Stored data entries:
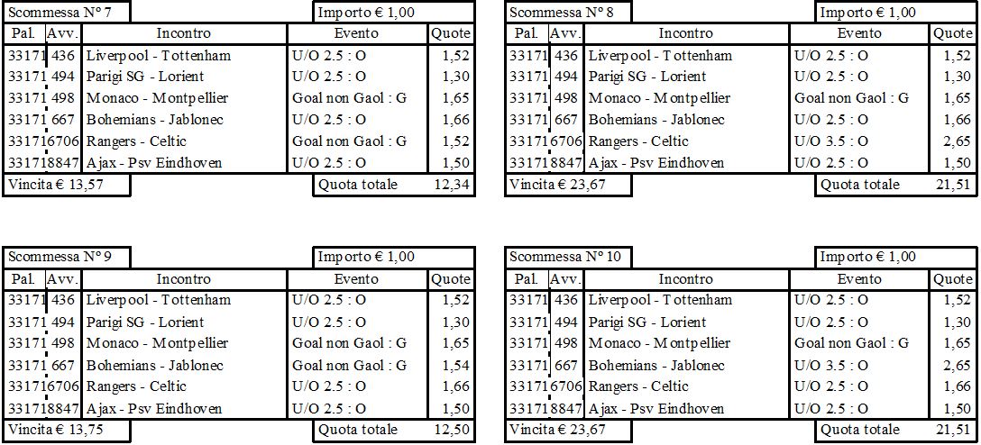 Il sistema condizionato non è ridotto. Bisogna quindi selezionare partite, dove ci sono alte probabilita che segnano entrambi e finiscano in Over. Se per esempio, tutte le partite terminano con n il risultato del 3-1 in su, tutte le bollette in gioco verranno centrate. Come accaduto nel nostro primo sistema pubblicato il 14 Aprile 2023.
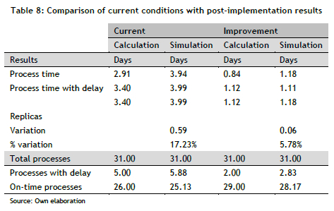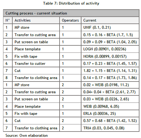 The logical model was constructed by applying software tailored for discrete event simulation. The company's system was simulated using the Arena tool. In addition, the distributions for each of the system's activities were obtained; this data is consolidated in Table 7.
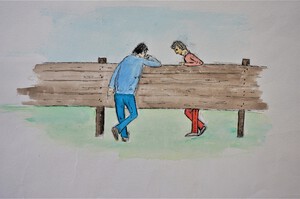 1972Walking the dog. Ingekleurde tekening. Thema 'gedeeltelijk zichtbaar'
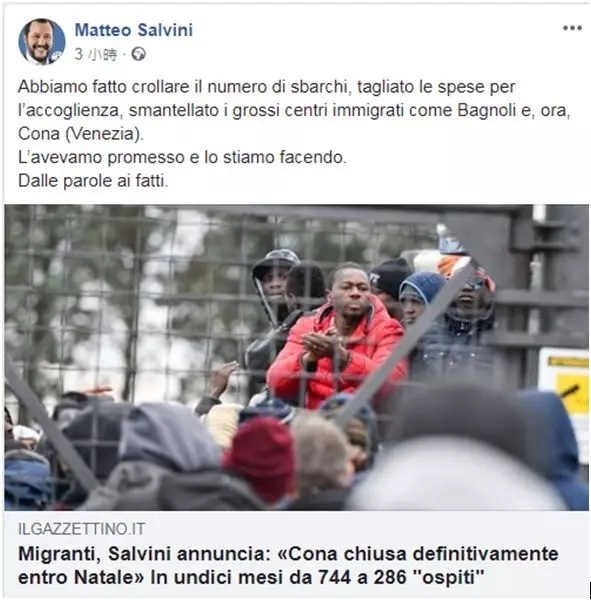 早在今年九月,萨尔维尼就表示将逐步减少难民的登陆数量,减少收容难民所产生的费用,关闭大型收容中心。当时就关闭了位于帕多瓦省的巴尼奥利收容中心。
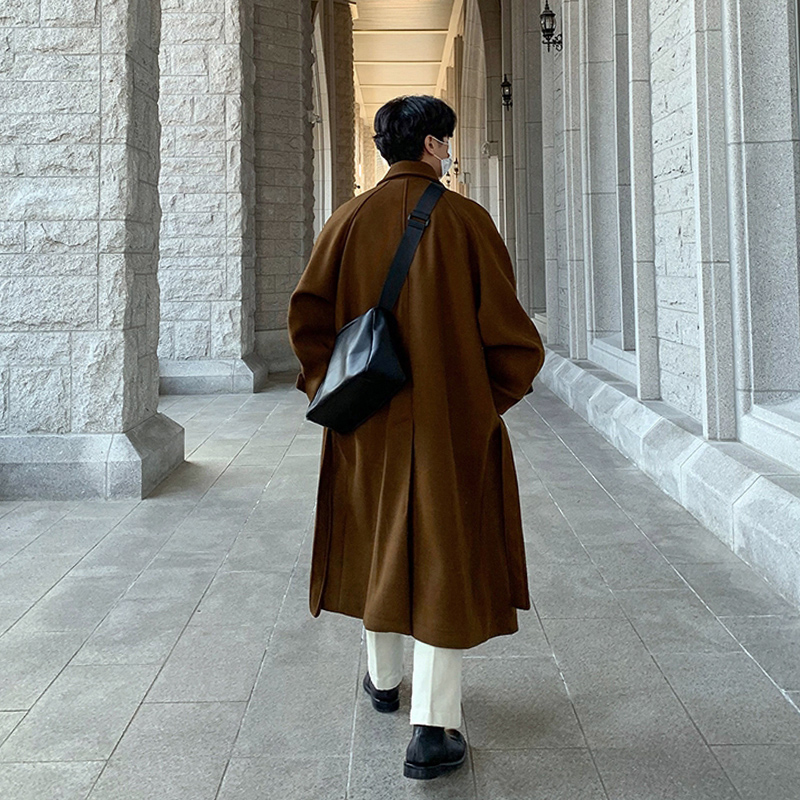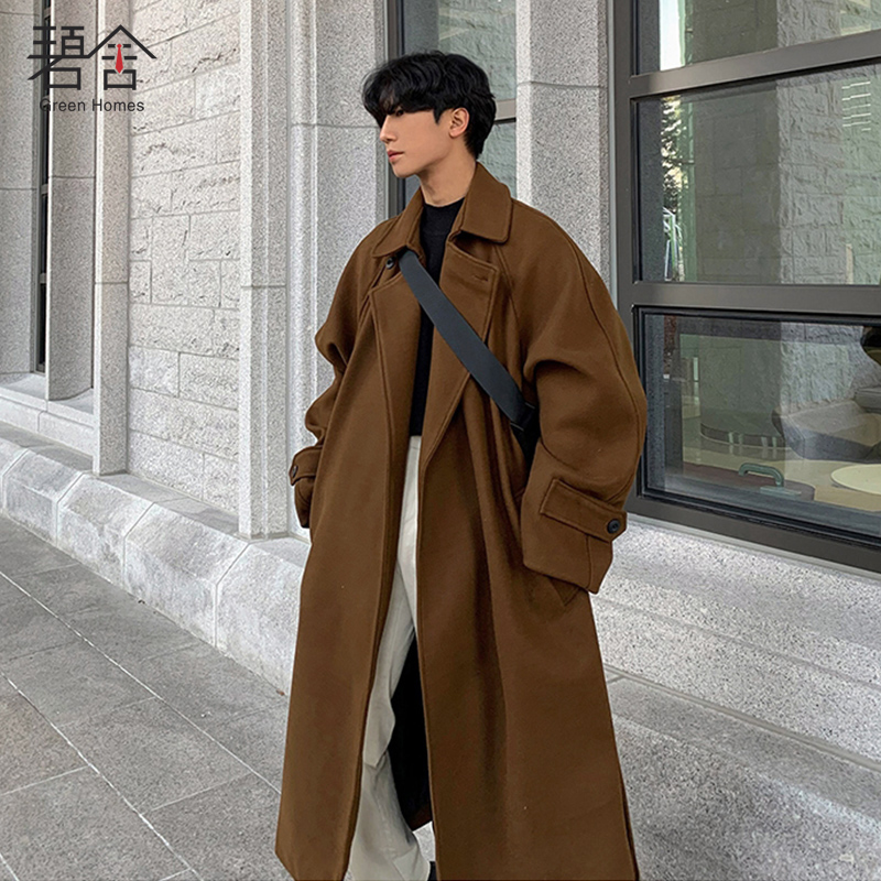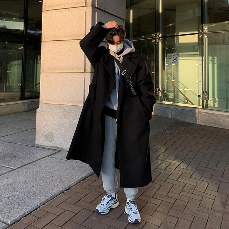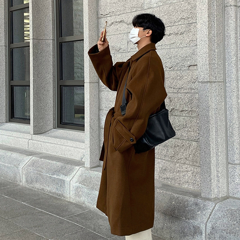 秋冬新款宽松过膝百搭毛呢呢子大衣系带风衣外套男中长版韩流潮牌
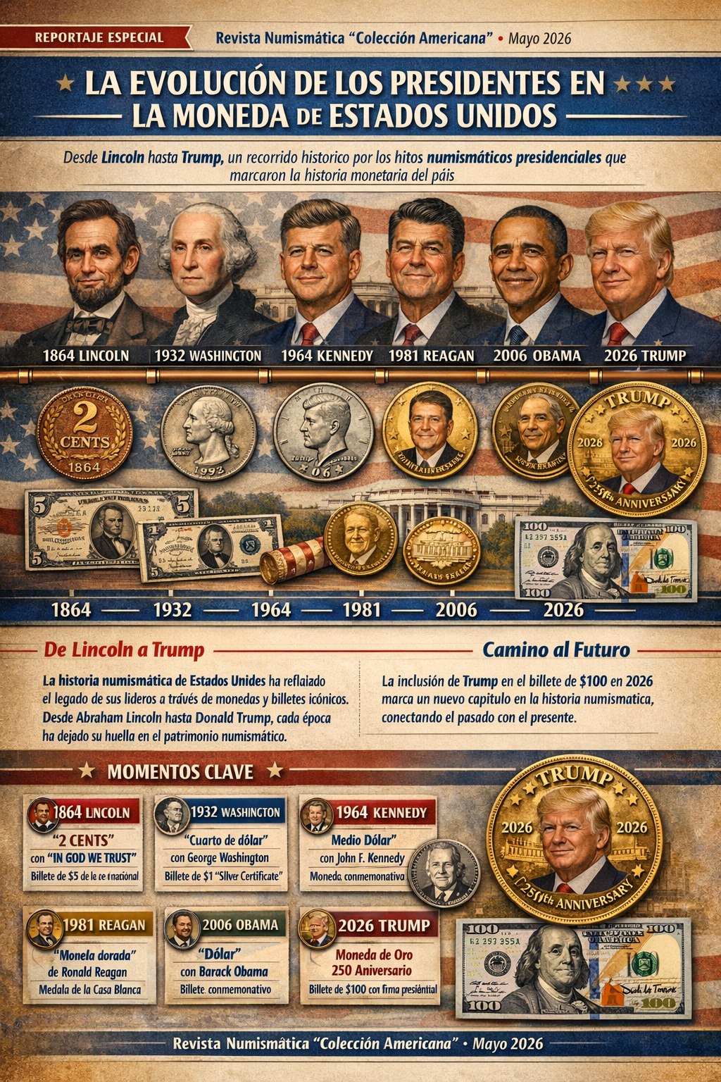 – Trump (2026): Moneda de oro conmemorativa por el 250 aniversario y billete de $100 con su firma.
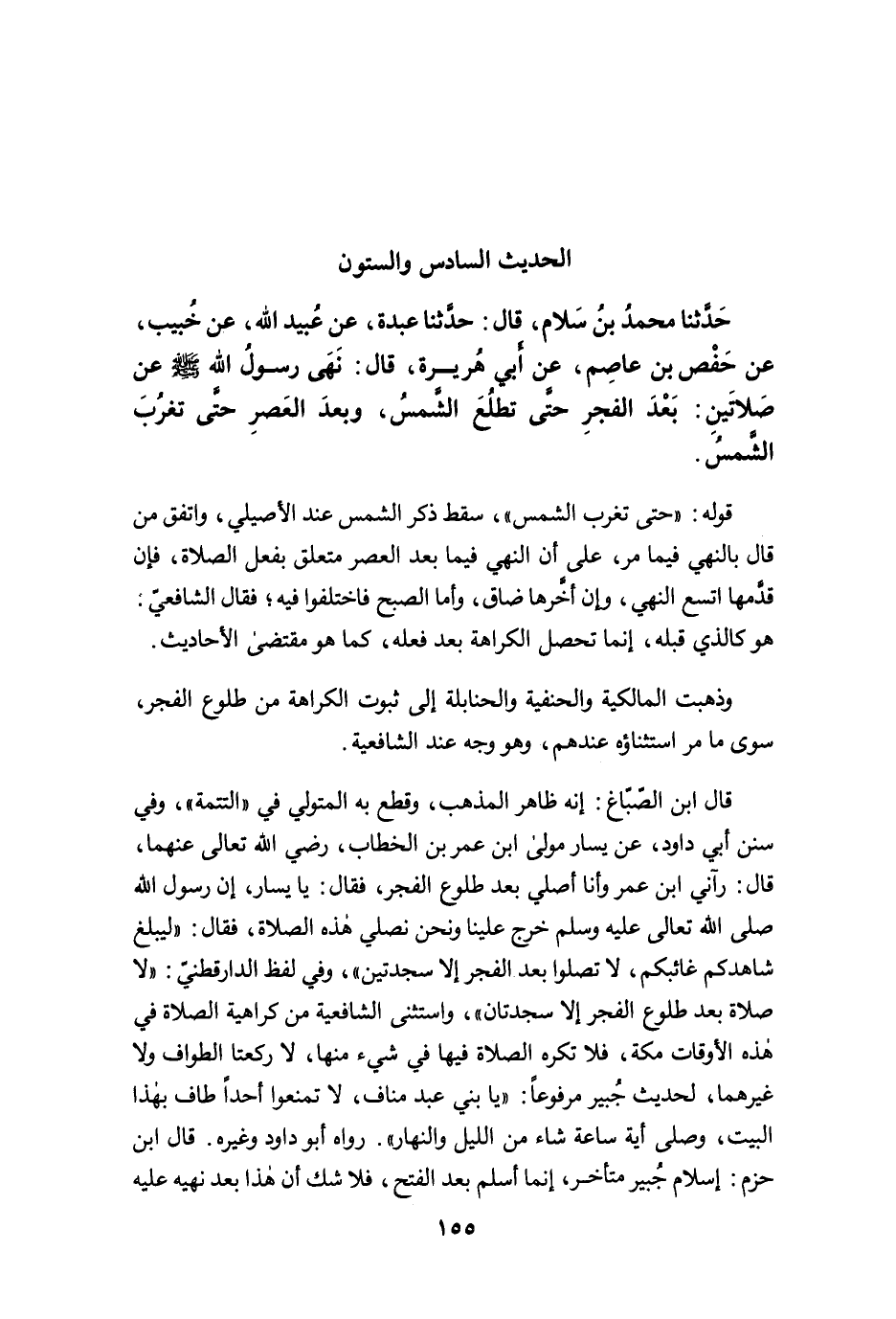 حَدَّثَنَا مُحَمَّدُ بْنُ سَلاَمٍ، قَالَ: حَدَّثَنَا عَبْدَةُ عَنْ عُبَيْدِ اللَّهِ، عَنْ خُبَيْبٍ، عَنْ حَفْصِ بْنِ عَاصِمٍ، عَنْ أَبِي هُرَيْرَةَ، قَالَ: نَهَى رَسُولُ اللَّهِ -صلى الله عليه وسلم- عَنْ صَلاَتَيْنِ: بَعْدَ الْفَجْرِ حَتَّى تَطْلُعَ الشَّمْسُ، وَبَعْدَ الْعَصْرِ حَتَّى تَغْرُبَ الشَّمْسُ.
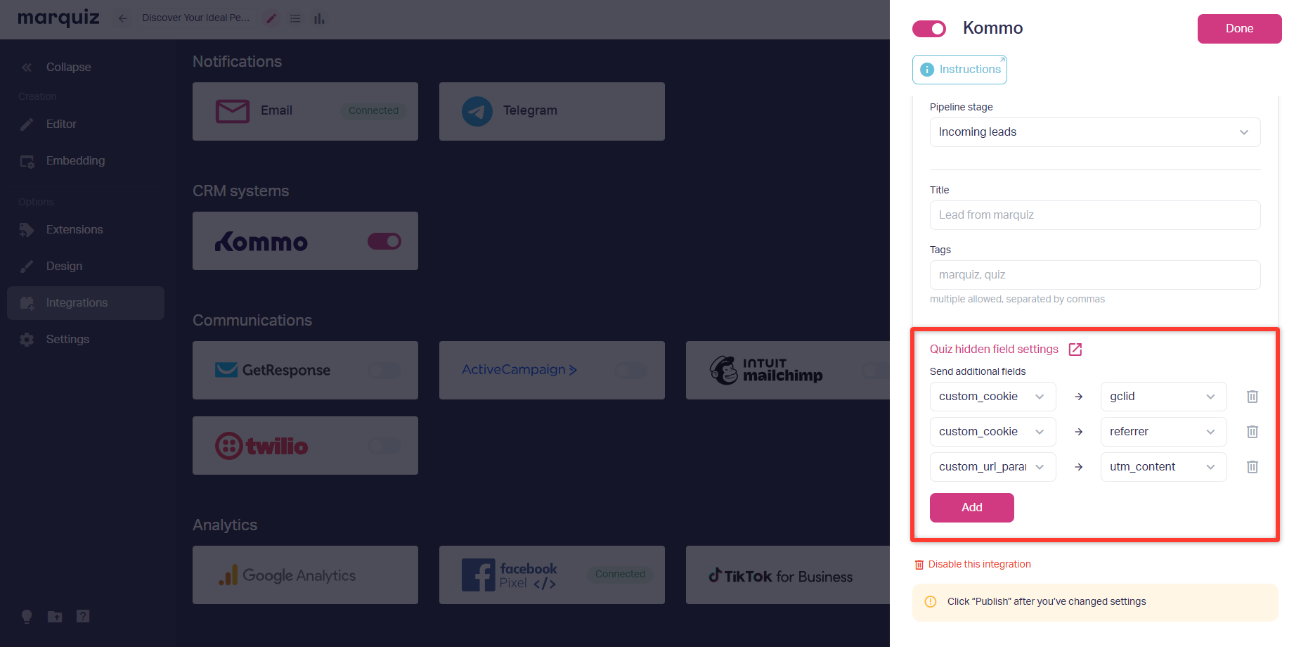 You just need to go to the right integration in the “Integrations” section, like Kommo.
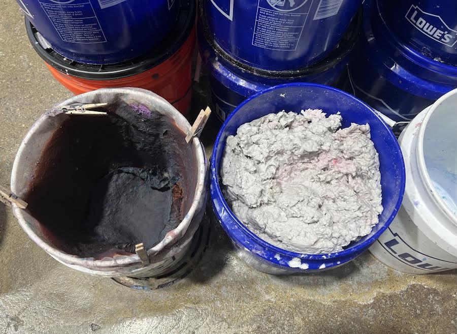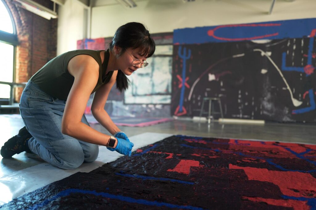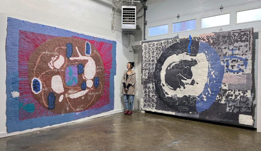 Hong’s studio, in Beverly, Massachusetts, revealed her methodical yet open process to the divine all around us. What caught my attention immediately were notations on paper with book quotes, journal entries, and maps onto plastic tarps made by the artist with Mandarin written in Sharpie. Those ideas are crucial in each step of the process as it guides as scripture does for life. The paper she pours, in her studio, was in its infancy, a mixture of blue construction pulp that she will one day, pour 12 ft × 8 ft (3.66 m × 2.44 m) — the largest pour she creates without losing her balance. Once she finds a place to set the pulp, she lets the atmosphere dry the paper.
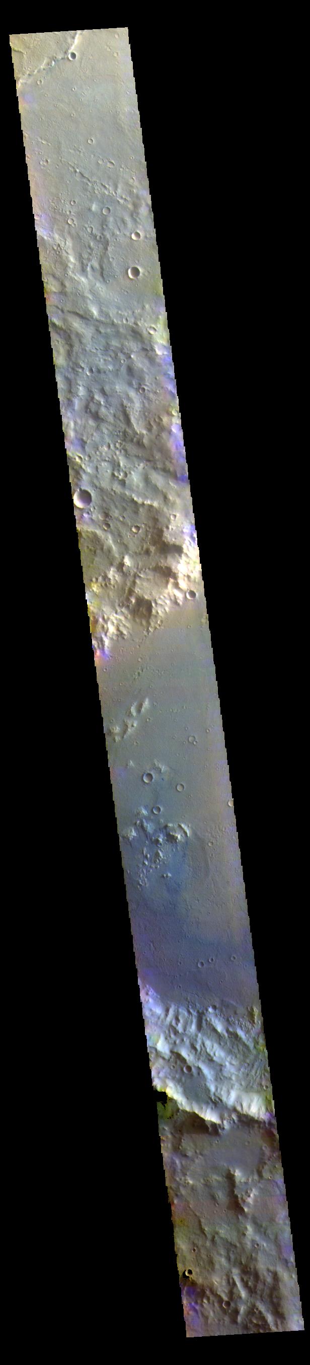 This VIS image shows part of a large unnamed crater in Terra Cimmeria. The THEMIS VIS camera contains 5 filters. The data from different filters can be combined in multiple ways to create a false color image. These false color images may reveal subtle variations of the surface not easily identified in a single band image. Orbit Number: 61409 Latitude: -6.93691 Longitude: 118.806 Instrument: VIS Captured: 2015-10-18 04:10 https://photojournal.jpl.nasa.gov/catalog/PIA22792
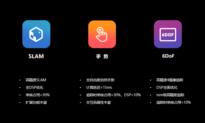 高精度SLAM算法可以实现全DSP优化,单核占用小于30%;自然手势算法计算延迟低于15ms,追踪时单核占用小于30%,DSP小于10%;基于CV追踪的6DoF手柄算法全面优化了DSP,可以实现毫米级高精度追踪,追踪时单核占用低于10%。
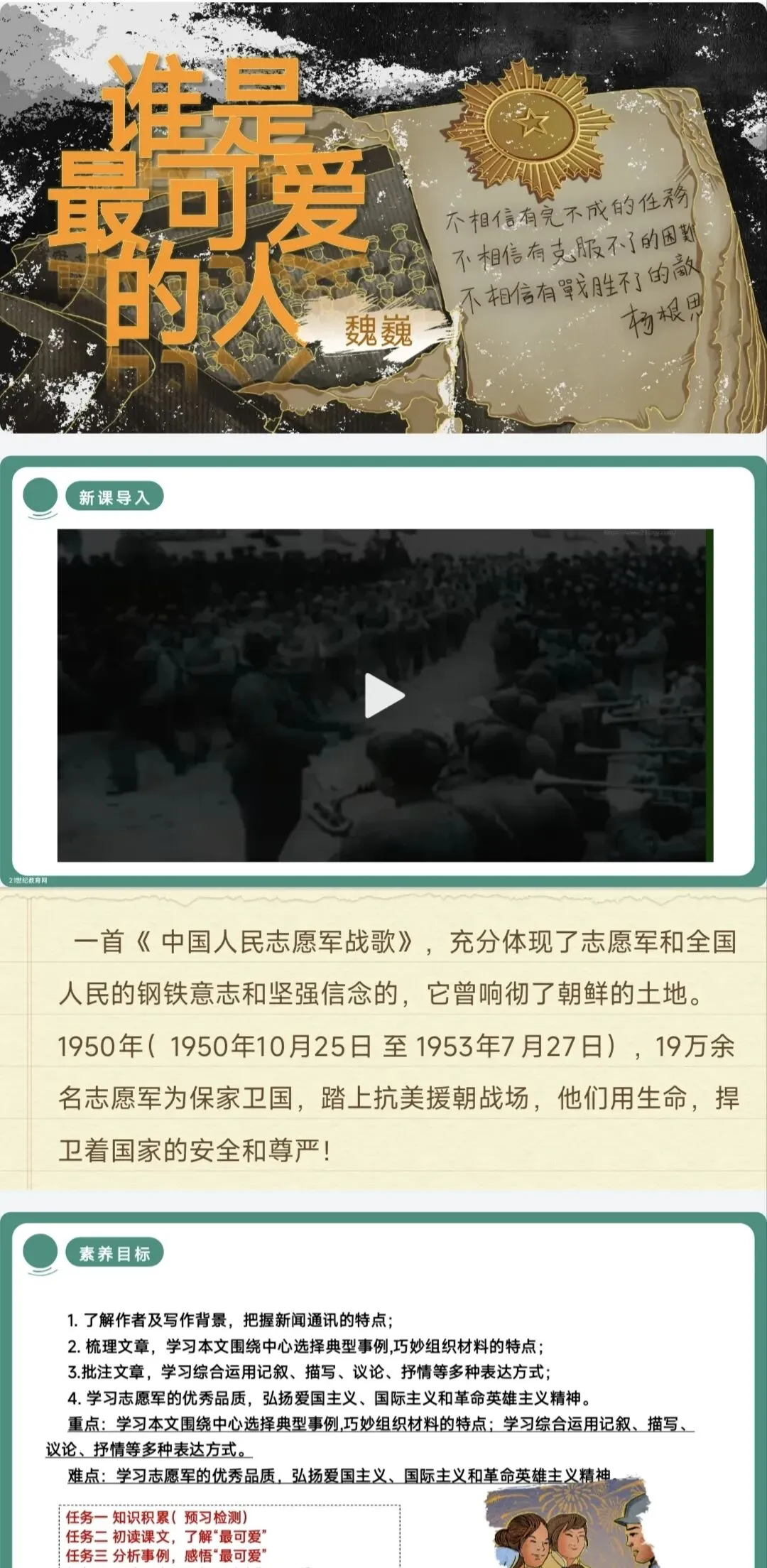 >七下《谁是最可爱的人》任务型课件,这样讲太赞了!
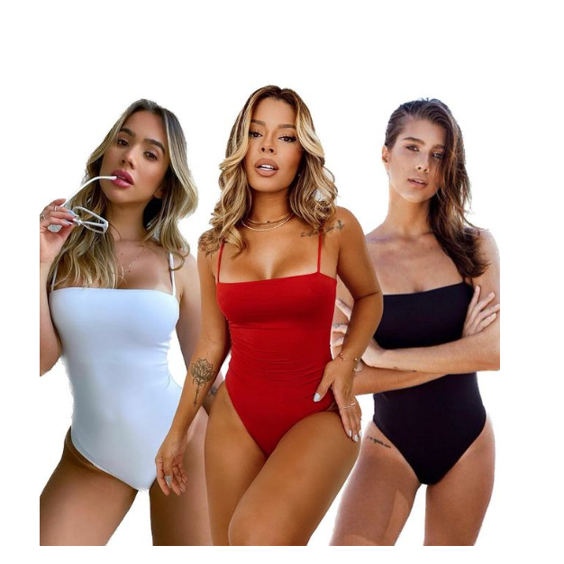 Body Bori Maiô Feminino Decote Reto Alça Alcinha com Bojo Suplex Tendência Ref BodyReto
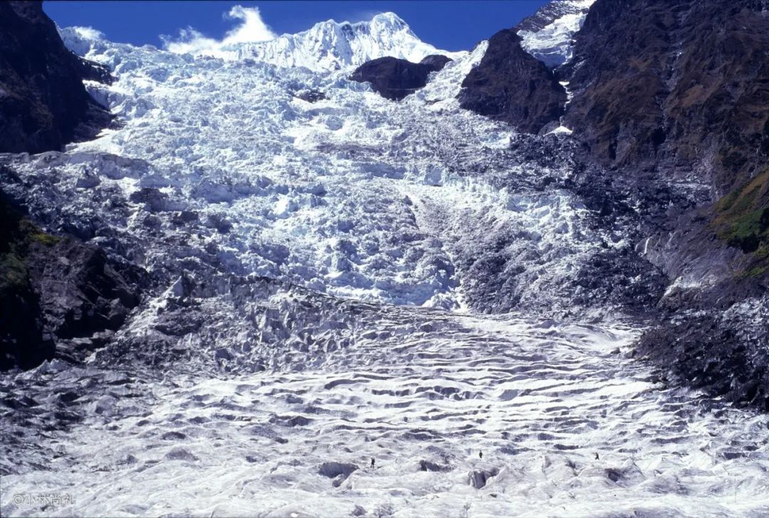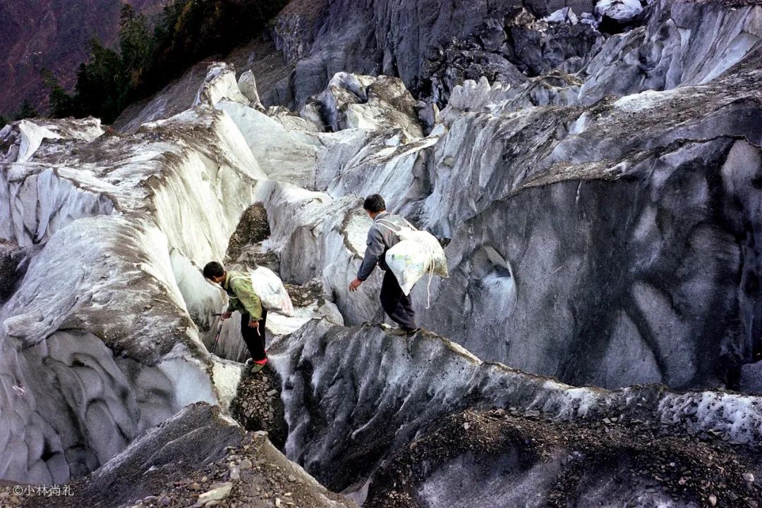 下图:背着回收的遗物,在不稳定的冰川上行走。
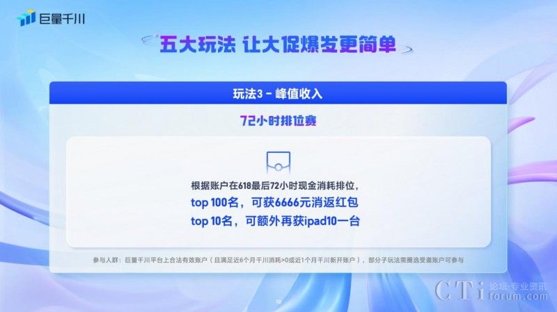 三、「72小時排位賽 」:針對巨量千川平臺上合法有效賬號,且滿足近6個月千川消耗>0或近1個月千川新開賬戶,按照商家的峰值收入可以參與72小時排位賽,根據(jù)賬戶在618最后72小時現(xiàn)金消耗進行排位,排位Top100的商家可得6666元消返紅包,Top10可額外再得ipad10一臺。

Work request:
Copy nothing past the line containing "You just need": reproduce every line from the start of the records up to it, skipping pictures.

Result:
 Il sistema condizionato non è ridotto. Bisogna quindi selezionare partite, dove ci sono alte probabilita che segnano entrambi e finiscano in Over. Se per esempio, tutte le partite terminano con n il risultato del 3-1 in su, tutte le bollette in gioco verranno centrate. Come accaduto nel nostro primo sistema pubblicato il 14 Aprile 2023.
 The logical model was constructed by applying software tailored for discrete event simulation. The company's system was simulated using the Arena tool. In addition, the distributions for each of the system's activities were obtained; this data is consolidated in Table 7.
 1972Walking the dog. Ingekleurde tekening. Thema 'gedeeltelijk zichtbaar'
 早在今年九月,萨尔维尼就表示将逐步减少难民的登陆数量,减少收容难民所产生的费用,关闭大型收容中心。当时就关闭了位于帕多瓦省的巴尼奥利收容中心。
 秋冬新款宽松过膝百搭毛呢呢子大衣系带风衣外套男中长版韩流潮牌
 – Trump (2026): Moneda de oro conmemorativa por el 250 aniversario y billete de $100 con su firma.
 حَدَّثَنَا مُحَمَّدُ بْنُ سَلاَمٍ، قَالَ: حَدَّثَنَا عَبْدَةُ عَنْ عُبَيْدِ اللَّهِ، عَنْ خُبَيْبٍ، عَنْ حَفْصِ بْنِ عَاصِمٍ، عَنْ أَبِي هُرَيْرَةَ، قَالَ: نَهَى رَسُولُ اللَّهِ -صلى الله عليه وسلم- عَنْ صَلاَتَيْنِ: بَعْدَ الْفَجْرِ حَتَّى تَطْلُعَ الشَّمْسُ، وَبَعْدَ الْعَصْرِ حَتَّى تَغْرُبَ الشَّمْسُ.
 You just need to go to the right integration in the “Integrations” section, like Kommo.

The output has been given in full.